春節の干支は「馬」へ:北京アーティストが描くネオン×水墨の自由 video poster
2026年2月、春節(旧正月)を前に、干支が「馬」へ移るタイミングに合わせて“馬モチーフ”が注目を集めています。中国本土・北京のある画家にとって、馬を描くことは伝統行事の延長ではなく、「自由」を表現する制作そのものだといいます。
春節で干支が「馬」に—街のムードも変わる
春節は、家族の団らんや新年の願いをかたちにする季節です。干支が新しい動物へ移るこの時期は、飾りやアート、年賀的なビジュアルも一斉に“今年の動物”へ寄っていきます。2026年は「馬」が主役になり、軽やかさや躍動感をまとった表現が増えていく流れです。
「馬生まれ」の画家が感じる、描くことの意味
今回話題の北京の画家は、自身も馬の年に生まれたとされ、馬を描く行為を“縁起もの”としてだけでは捉えていません。画家にとって馬は、従順さよりも、踏み出す力や風を切る感覚を背負う存在であり、制作は日々の制約から心を解き放つ時間になっているそうです。

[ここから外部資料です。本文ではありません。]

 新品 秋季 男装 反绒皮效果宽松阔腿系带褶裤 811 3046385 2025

大胆なネオンと、伝統的な水墨—ぶつかるのではなく重なる
作品の特徴は、強い発色のネオンカラーと、伝統的な水墨(墨のにじみや濃淡で表す技法)を同じ画面で走らせる点にあります。新しさと古さの対比は分かりやすい一方で、この画家の狙いは“対立”というより“同居”に近いのかもしれません。

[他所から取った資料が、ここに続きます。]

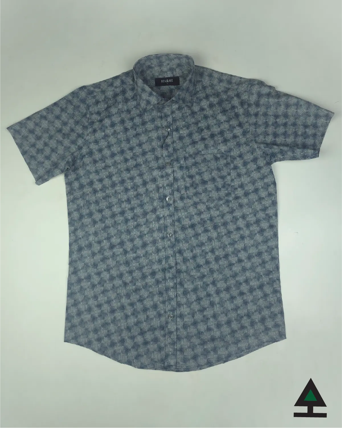 Navy Blue & Off White Half Sleeve Shirt- 23H 3113
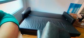 Vendo sofá cama Ikea Friheten con chaise longue, en buen estado. Comprado en 2023. Actualmente nuevo en Ikea cuesta 500 €. Muy cómodo, con cama desplegable y espacio de almacenaje en la chaise longue.
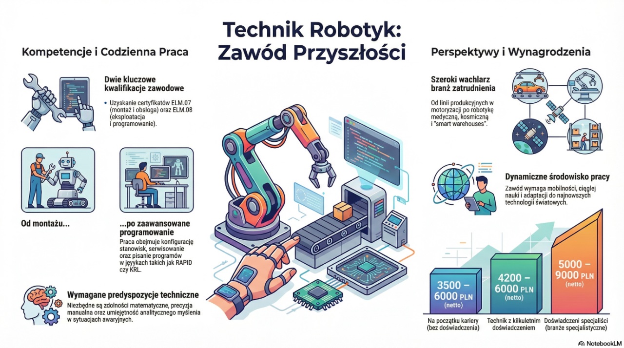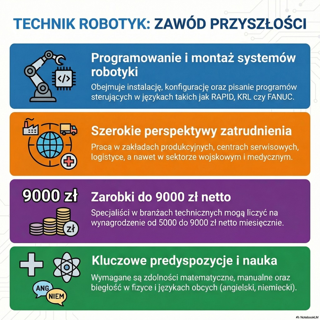 Profil technik robotyk przygotowuje do obsługi, programowania i diagnozowania systemów robotyki przemysłowej. Kierunek ten łączy zagadnienia z zakresu mechaniki, elektroniki i informatyki, przygotowując kadry techniczne na potrzeby nowoczesnego przemysłu i zautomatyzowanych linii produkcyjnych. Na tym kierunku nauczysz się programować maszyny i roboty, łącząc wiedzę z kilku dziedzin inżynierii. To idealna ścieżka dla osób, które chcą mieć bezpośredni kontakt z zaawansowanymi technologiami.
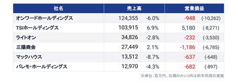 営業損益をみると、前年が黒字だった10社のうち、西松屋チェーンとコックスを除く8社が増益を果たした。しかし西松屋チェーンは1.8%の減益で、コックスは24百万円の黒字から802百万円の赤字に転落した(表1から下表に抜粋)。

- ネオン:現代の都市感覚、スピード、視線を奪う強さ
- 水墨:余白、呼吸、偶然のにじみが生む奥行き
- 馬:伝統の象徴でありながら、解放のメタファーにもなる
なぜ今、「自由」という言葉が作品の芯になるのか
春節は「新しい年に切り替わる」時間でもあります。だからこそ、ただ縁起をなぞるだけでなく、個人の願いや感覚—たとえば自由、再出発、変化への許容—が作品に入り込みやすい季節です。馬というモチーフは、祝祭の文脈に収まりながらも、見る人の気分を前へ押し出す力を持ちます。
ネオンの鮮烈さと水墨の静けさが一枚の中で共存するとき、春節の“賑わい”は、どこか落ち着いた内省も連れてくる。そんな読み方もできそうです。